What to work on >> Take the records below from their first line through the line holding "8. Завершите рисунок, добавив", and set each of those lines down exactly, without pictures.

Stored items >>

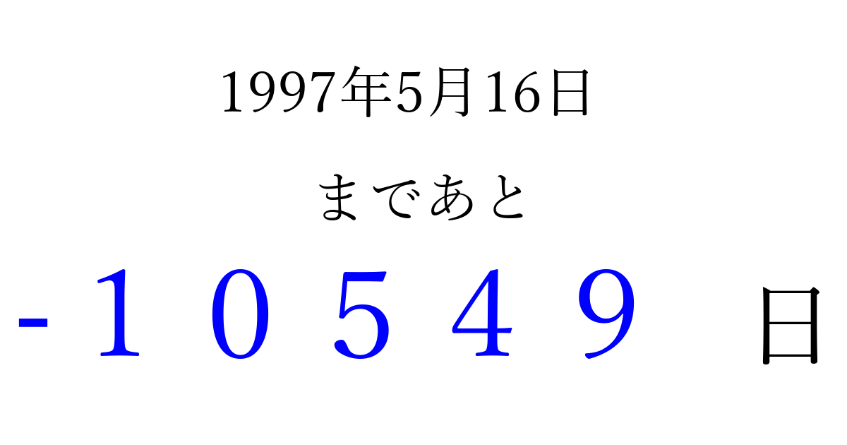 1997年5月16日(金)は もう 00000 日過ぎました 追加すると、トップページからすぐ選べるようになります ※2026/04/03現在の結果です。 最新の状態に更新する ↓シェアして、タイムライン上にカウントダウンを表示しよう!↓ 📤 この結果を共有する Tweet シェア Threads Bluesky 別の日付でカウントダウン 1997年5月のカレンダー このページをブックマークに追加すると、いつでもカウントダウンを確認できます。 (PC: Ctrl+D / Mac: ⌘+D) hitome-notes.comでは以下のページも運営しています。 指定日と期間から日付を計算 | ガチャ確率計算・シミュレーション | プライバシー・ポリシー 運営者:Avocado
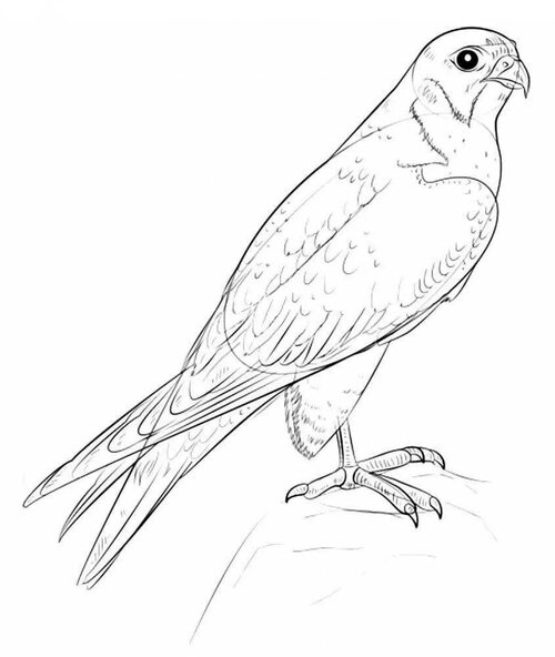 8. Завершите рисунок, добавив дополнительные детали и выделите контуры сапсана.
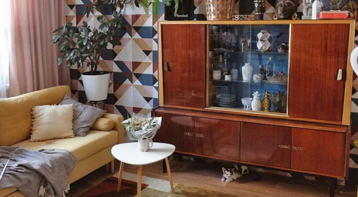 До переделки стул представлял собой типичную офисную мебель: блеклая расцветка, невыразительная фактура и потрепанное состояние привлекательного мало. В итоге благодаря обивке с активным геометрическим узором он превратился в яркий акцент. Основание сидения перекрасили в светло-серый цвет так стул выглядит более уютно и лучше подходит для жилого помещения. Теперь его можно использовать в столовой зоне или поставить к рабочему месту. Идеальный интерьер для такой мебели светлый, спокойный, без лишних цветовых пятен.
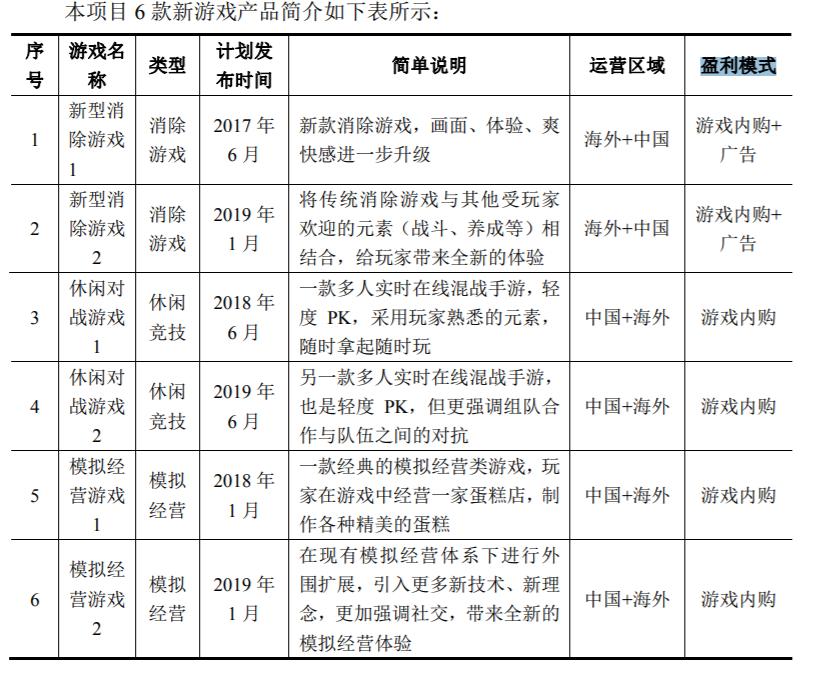 继续开发消除类游戏是公司的选择之一。2017 年 5 月,公司推出新的消除类游戏《怪兽消消消》。截至招股说明书签署日,游戏注册用户数近 150 万,最高日活跃用户数超过 40 万。募资用途也显示,公司未来还打算继续开发两款消除游戏。
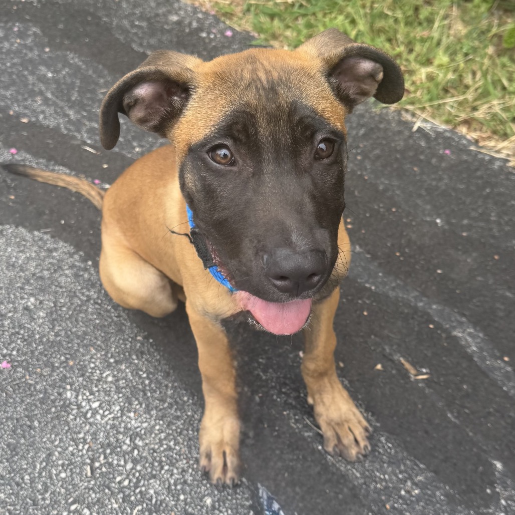 Apache came to us a bit unsure but he is so, so sweet. He is a very well-behaved little puppy that already knows sit. He has been very gentle-mannered and friendly with our volunteers. He has no issues handling. He would like a loving home that will continue working with him on that Malinois-famous confidence. He would love another social dog at home.
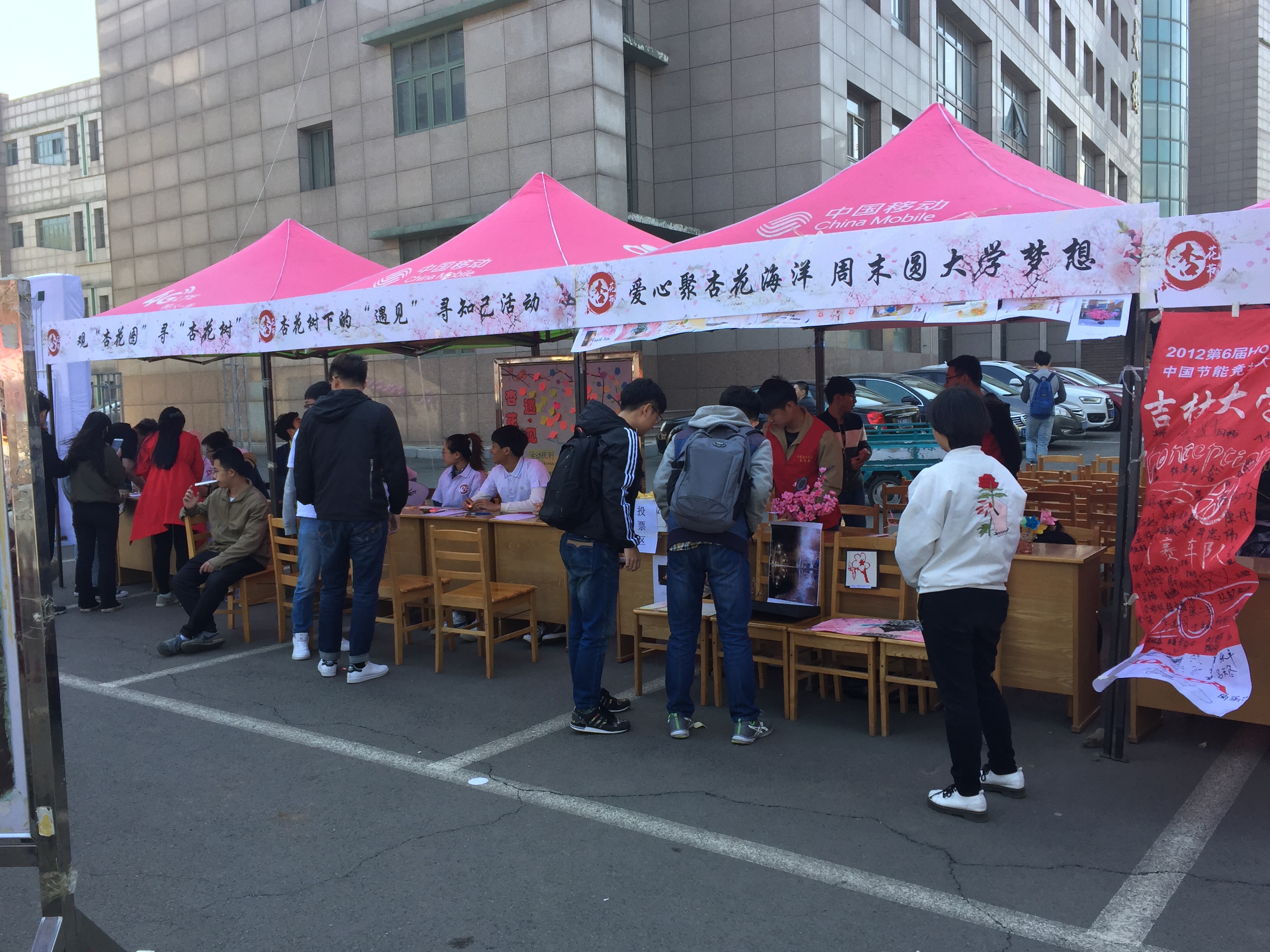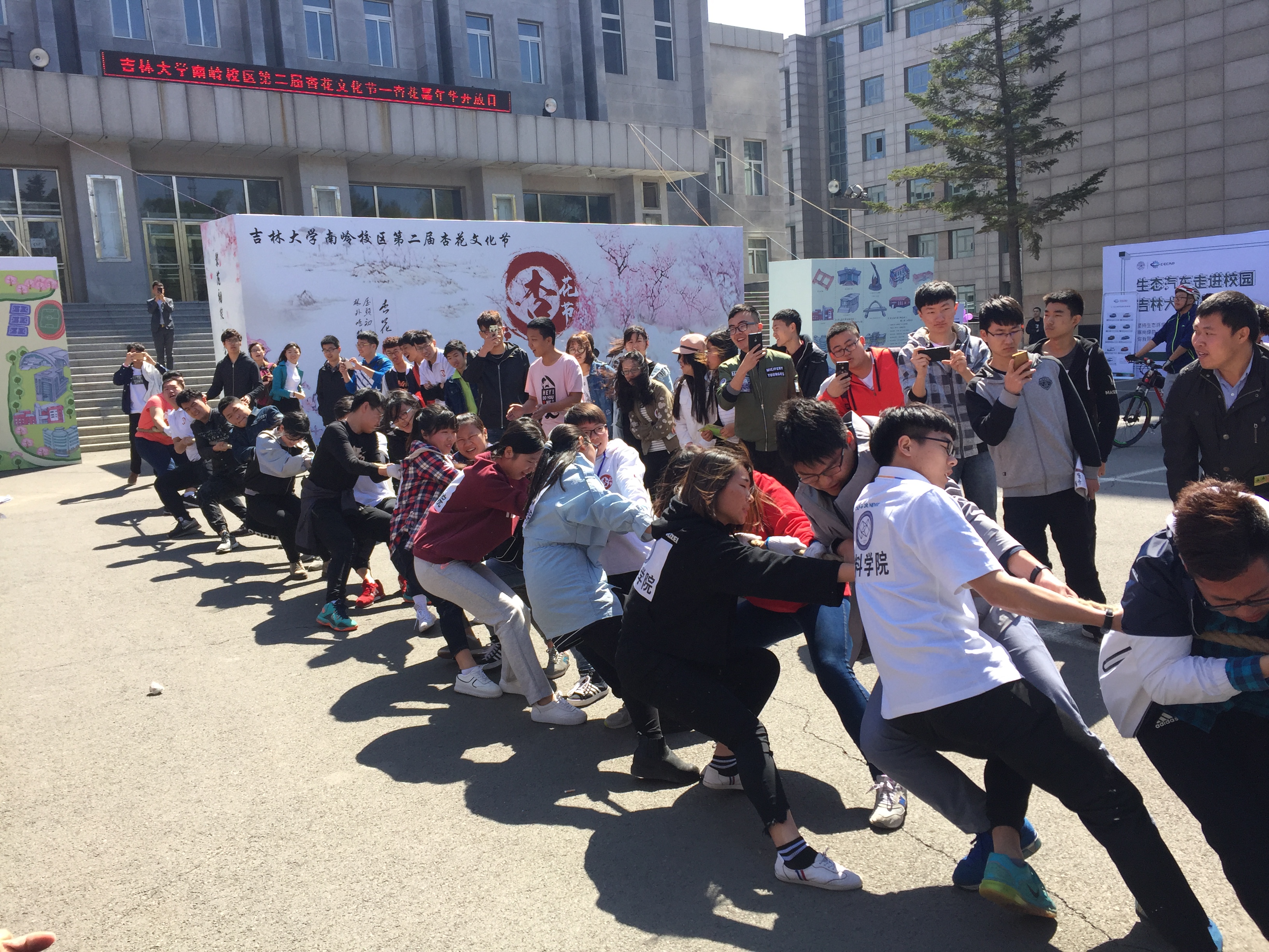活动于上午8时正式开始,各学院依次架好帐篷,有条不紊地开始活动。拔河大赛、杏花节嘉年华及生态汽车知识竞赛和路演等活动依次进行;围棋解局、长笛义培、杏花知识竞赛等活动也吸引了众多关注;杏花笺明信片、杏花写生、杏花节书法、杏花果味糖果得到了同学们广泛好评;飞花诗吟、疏影飞镖等游戏活动让同学们排起长队;杏花树下的“遇见”寻知己、爱心聚杏花海洋、观“杏花图”寻“杏花树”活动更是都受到了大量同学的喜爱。最后,杏花节活动于下午13时圆满结束。
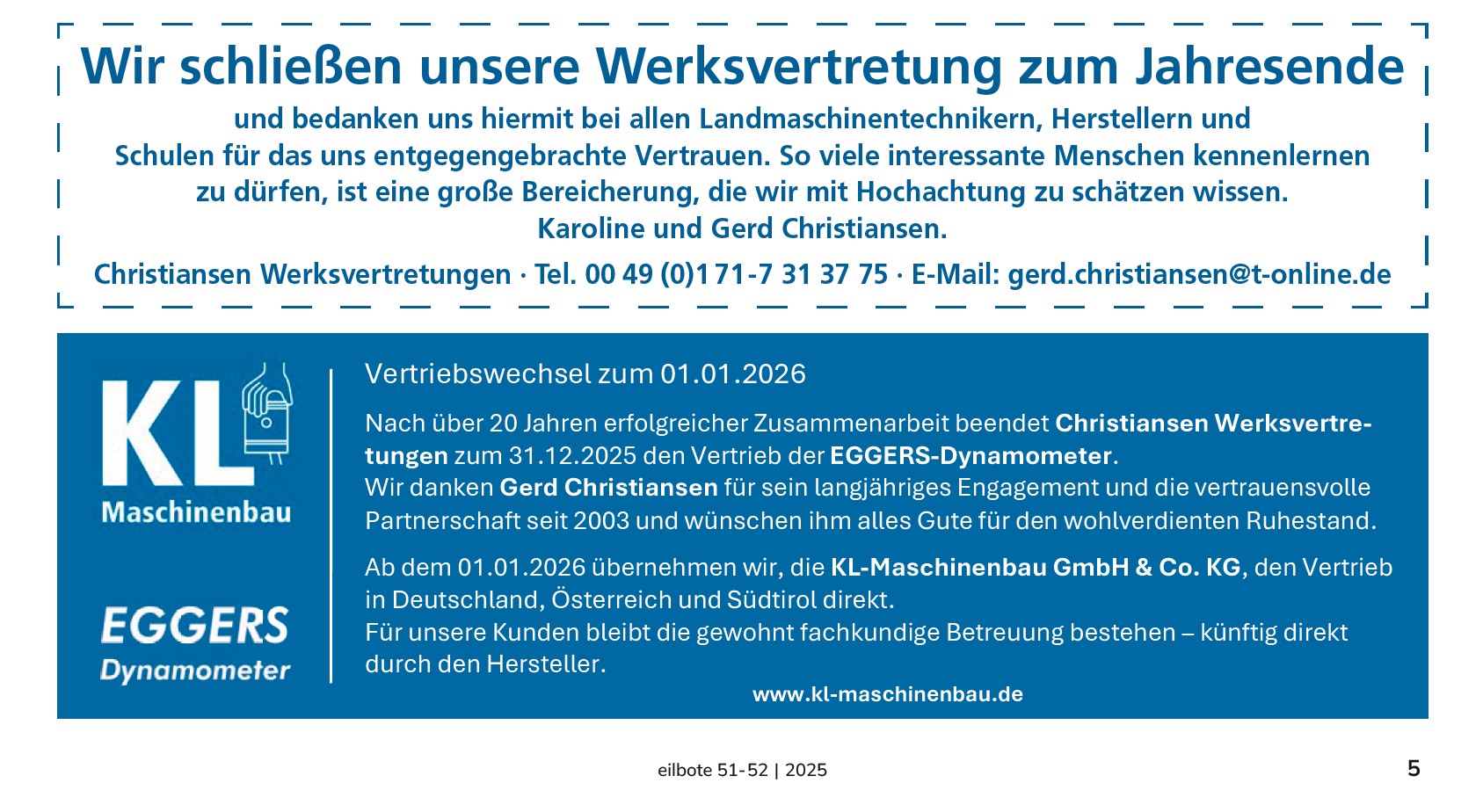 In all den Jahren blieb Gerd Christiansen KL-Maschinenbau als Vertriebspartner erhalten. Für diese langjährige, vertrauensvolle und sehr erfolgreiche Zusammenarbeit, von der der Name Eggers Dynamometer nachhaltig profitieren konnte, bedanken wir uns ausdrücklich.
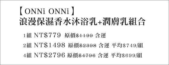 商品訊息簡述: 平均每組最低只要699元起(含運)即可購得【ONNi ONNi】浪漫保濕香水沐浴乳+潤膚乳組合1組/2組/4組。
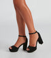 Complete your look with heels that elevate your outfit! The heels feature a closed-back. adjustable ankle strap. a peep toe with a wide strap over the toe. a wide platform. and a block heel. The heels are composed of a faux nubuck material. Complete look with a high low dress and dainty charm necklaces.
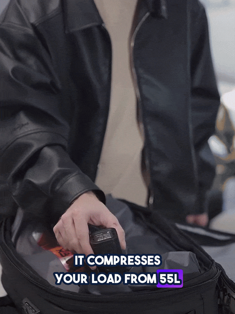 Travel stress-free, knowing you have 57% more space instantly. In seconds the backpack compresses 55L into a 36L carry, letting you pack more without sacrificing essentials.

Answer to the exercise >>
 1997年5月16日(金)は もう 00000 日過ぎました 追加すると、トップページからすぐ選べるようになります ※2026/04/03現在の結果です。 最新の状態に更新する ↓シェアして、タイムライン上にカウントダウンを表示しよう!↓ 📤 この結果を共有する Tweet シェア Threads Bluesky 別の日付でカウントダウン 1997年5月のカレンダー このページをブックマークに追加すると、いつでもカウントダウンを確認できます。 (PC: Ctrl+D / Mac: ⌘+D) hitome-notes.comでは以下のページも運営しています。 指定日と期間から日付を計算 | ガチャ確率計算・シミュレーション | プライバシー・ポリシー 運営者:Avocado
 8. Завершите рисунок, добавив дополнительные детали и выделите контуры сапсана.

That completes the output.